# Respak en Proteus 8.x?



## Meta (Feb 2, 2009)

Hola:

Me gustaría encontrar el símbolo de las resistencias en Proteus como se muestra en la imagen de abajo si es que realmente existe. Las compré pero no encuentro su símbolo.







Saludos.


----------



## narcisolara_21 (Feb 2, 2009)

En Resistor entra en la subcategoria Resistor Packs y busca RESPACK-8 y RESPACK-7 hay estan, Lo que veo es que tus resistencias son RESPACK-4
te tocara modificar los componentes o simplemente usas el RESPACK-7 y omites los 3 ultimos pines (y recuerda el pin 1 es comun para todas las resistencias).
Saludos...


----------



## Meta (Feb 2, 2009)

¿Es difícil modificar el 4?


----------



## narcisolara_21 (Feb 2, 2009)

Has hecho o modificado algun componente en Proteus?


----------



## Meta (Feb 2, 2009)

No, por eso lo digo.


----------



## narcisolara_21 (Feb 2, 2009)

Dejame hacerte un pequeño tuto


----------



## narcisolara_21 (Feb 2, 2009)

aqui te dejo este para que modifiques en isis luego te paso el otro para ares


----------



## Meta (Feb 2, 2009)

narcisolara_21 dijo:
			
		

> aqui te dejo este para que modifiques en isis luego te paso el otro para ares



Muchas gracias, muy bueno en poco tiempo.


----------



## narcisolara_21 (Feb 2, 2009)

Este es el de ARES es casi lo mismo.

Cualquier problema me avisas
Saludos...


----------



## Meta (Feb 3, 2009)

narcisolara_21 dijo:
			
		

> Este es el de ARES es casi lo mismo.
> 
> Cualquier problema me avisas
> Saludos...



Muchas gracias, voy a probarlo. 

PD: _¿Con qué programa señalas el rectángulo las opciones?

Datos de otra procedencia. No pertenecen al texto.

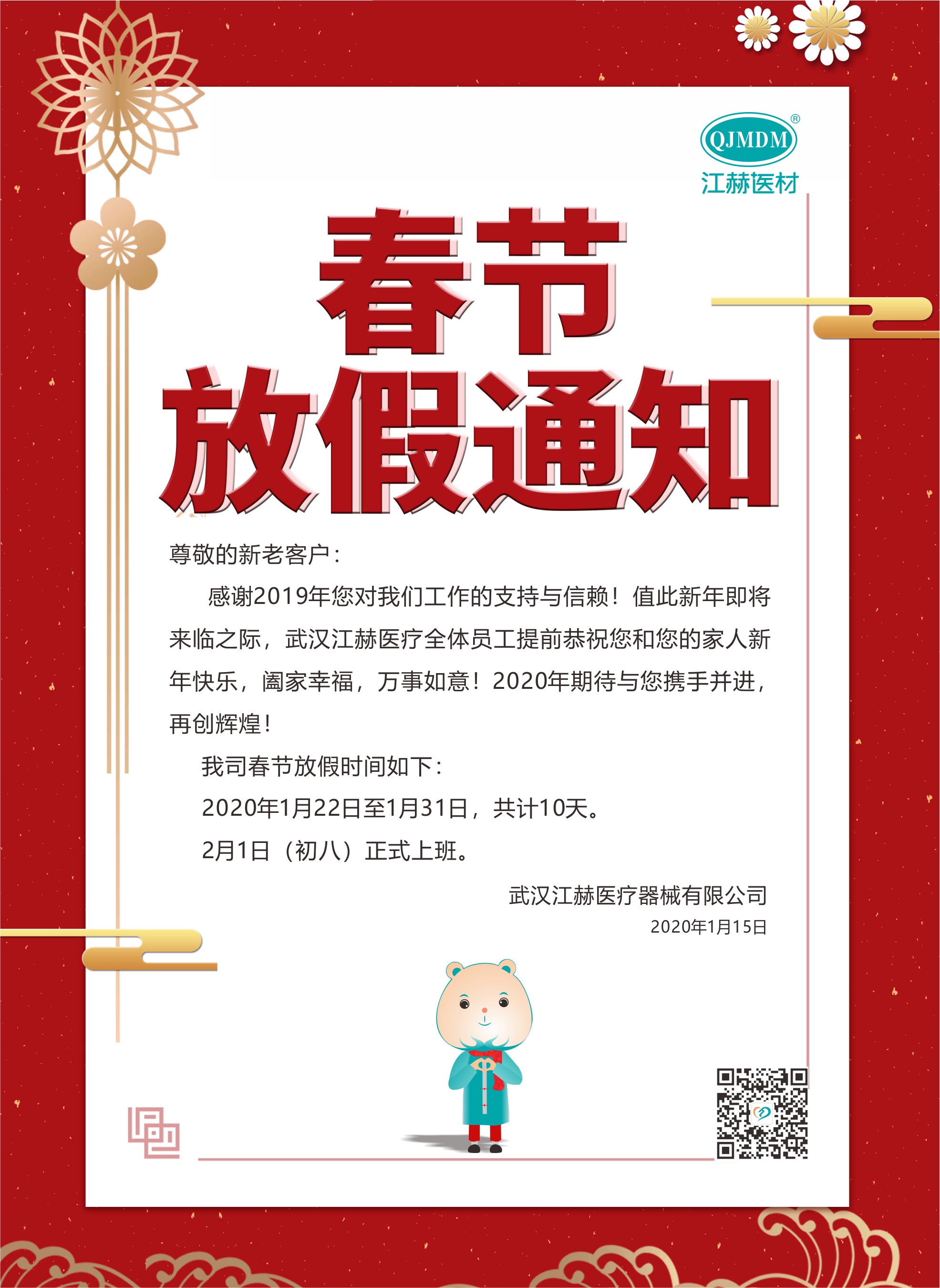 武漢江赫醫(yī)療器械有限公司于1月22日-1月31日放假2月1日(正月初八)正式上班!預祝大家新春快樂,“鼠”你好運!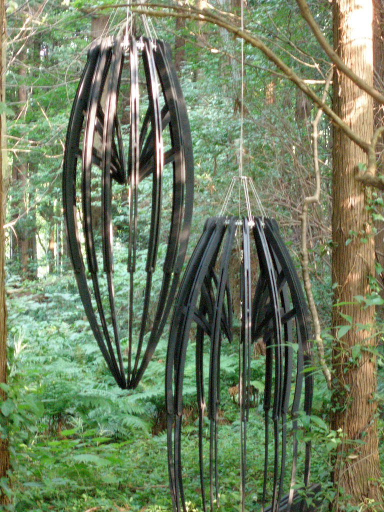This work was made for a green zone in Yokohama – in a lush forest surrounding the Yokohama zoo. The beautiful lush wildness of the little forest was amplified by the smells and calls of the wonderful animals held captive in the zoo beyond.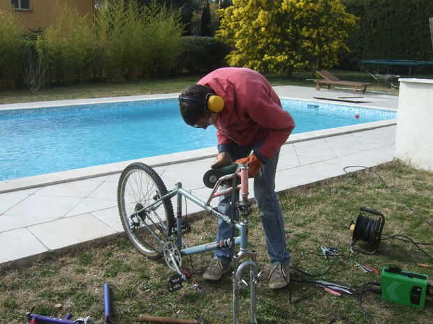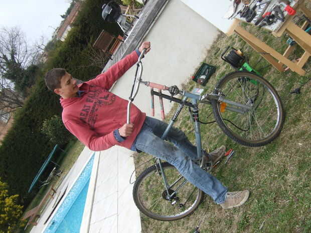 Añadiendo una pieza de tubo, corte de la barra de dirección de la mountainbike y una barra de dirección super cool moto hasta el producto final, ahora a ser terminado. Un poco de pulido y soldadura aquí.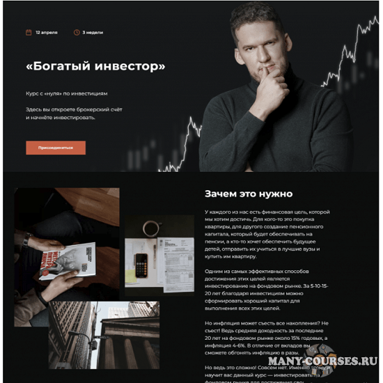 Но ведь это сложно! Совсем нет. Именно этому и научит вас данный курс — инвестировать на фондовом рынке для достижения своих целей.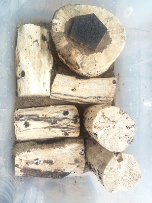 太いのは砂埋めレイシ材です。立てているのは柔らか材で、横置き材はいつも使用している材です。加水時にミヤマ幼虫マットを入れてバクテリア材の様にしています。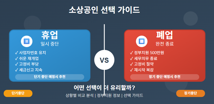 소상공인의 폐업 vs 휴업 선택은 단순히 경제적 손익만으로 결정할 문제가 아닙니다. 재개업 가능성, 현재 재정 상황, 미래 계획 등을 종합적으로 고려해야 합니다.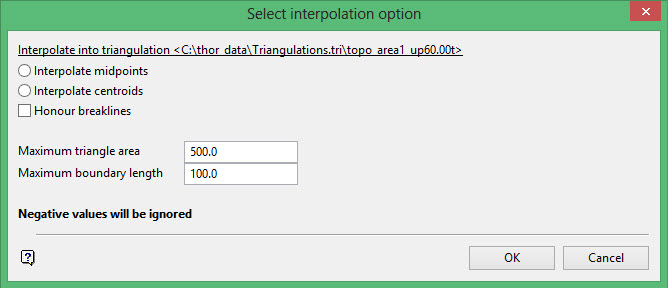 Select this option to add points at the midpoints of the edges of all triangles that exceed the area tolerance. Breaklines and all triangle edges are always honoured when this method of interpolation is used. Interpolating midpoints is applicable to both surfaces and solid triangulations.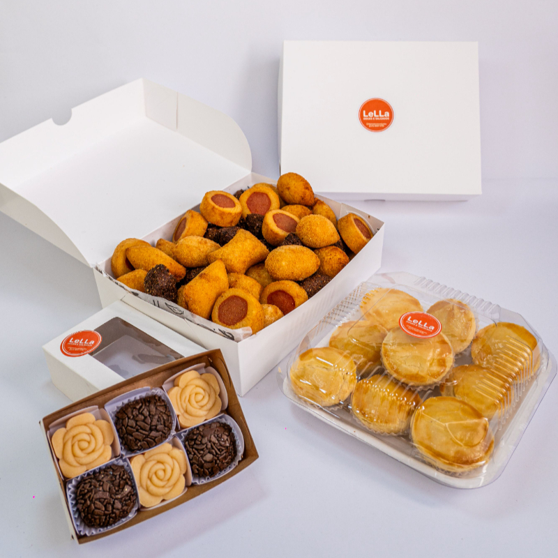 Kit 40 Salgadinhos Fritos + 10 Empadinhas De Frango + 6 Docinhos
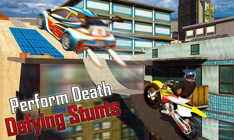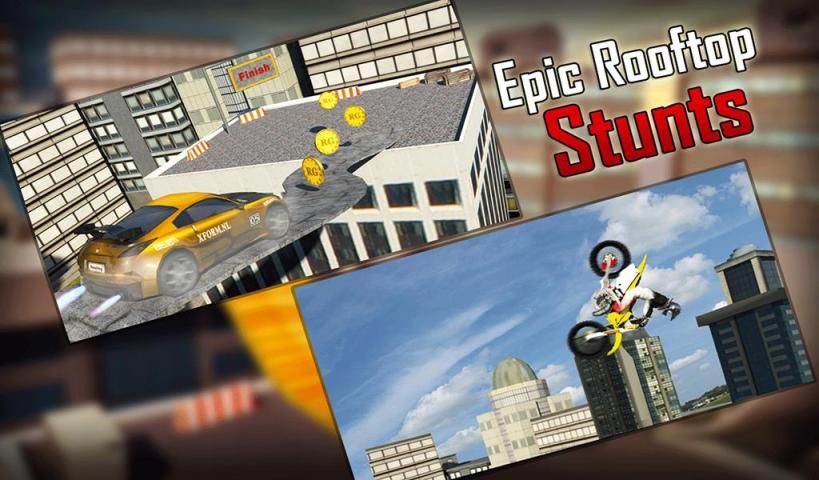 Install and play Rooftop Bike Stunts Car Escape - latest moto racing 3D game for flying rooftop driving adventure.

Por curiosidad._


----------



## narcisolara_21 (Feb 3, 2009)

power point Capturo la imagen y la pego y luego inserto una forma le quito el relleno y le cambio el color al contorno por el rojo y listo.  


PD: Por cierto vas a usar esas resistencias en un PIC


----------



## Meta (Feb 3, 2009)

Buena idea. No se me había ocurrido y yo con el Photoshop haciendo eso en mis manuales en PowerPoint 2007 como este que ves aquí http://www.abcdatos.com/tutoriales/tutorial/z9521.html

PD: _Si. Estoy haciendo un proyecto en el cual uso dos ResPack de 5 R de 330 Ω. Antes tenía todo de R normales pero con el respack ahorro mucho espacio._


----------



## narcisolara_21 (Feb 3, 2009)

Recuerda que esas resistencia de la imagen son de 5 pines (Osea 4 resistencia + el comun)
Ejemplo:


----------



## Meta (Feb 3, 2009)

Cierto. 

El RX8 es para R independientes que también las tengo. Gracias por la ayuda mi muy distinguido amigo.

EDITO:
Me gustaría pasar el mini circuito que hice con ISIS a ARES pero no pasa nada. ¿Realmente como se hace? Suelo pulsar el botón ARES superior derecha pero nada de nada.


----------



## narcisolara_21 (Feb 3, 2009)

sale la pantalla negra sin ningun componente puedes colocarlos manualmente o usar el autoplacer has click en el menu de la Izquierda en el icono el amplificador operacional el que esta debajo de la flecha hay te van a salir por sus nomres U1, RP1 etc.., les das click y los colocas


----------



## Meta (Feb 3, 2009)

ME sale cosas raras.


----------



## narcisolara_21 (Feb 3, 2009)

Es que no has asignado el PACKAGE
Te pregunto hiciste la modificación al componente en Ares, en el segundo tuto te explico como se asigna el PACKAGE en isis por medio del Script:

{*DEVICE}
NAME=RESPACK-4
{PREFIX=RP}
{*PROPDEFS}
{MODFILE="LISA Model File",HIDDEN STRING}
{MODTYPE="Model Type",KWDLIST,2,ANALOG,DIGITAL}
{PACKAGE="PCB Package",PACKAGE,1,RESPACK-7}
{*INDEX}
{CAT=Resistors}
{SUBCAT=Resistor Packs}
{DESC=7 way resistor pack with common}
{MFR=}
{*COMPONENT}
*{PACKAGE=RESPACK-7}*  <-------- Cambiar el 7 por el numero 4 (Por supuesto se supone que has modificado el componente en ARES y se deberia llamar:RESPACK-4
{MODFILE=RESPACK7}
{MODTYPE=DIGITAL}


----------



## Meta (Feb 4, 2009)

Si, si lo hice. Aunque no modifique nada. Siempre me aparece ese cuadro.


----------



## inindigo (May 6, 2009)

¿Y cómo se consigue un pack de 8 Resistencias independientes? La versión que tengo no lo incorpora. Un saludo y gracias.


----------



## agutierrezp (Jul 12, 2019)

Cómo cambiar o asignar valor a Respack-7 o Respack-8 en Proteus?


----------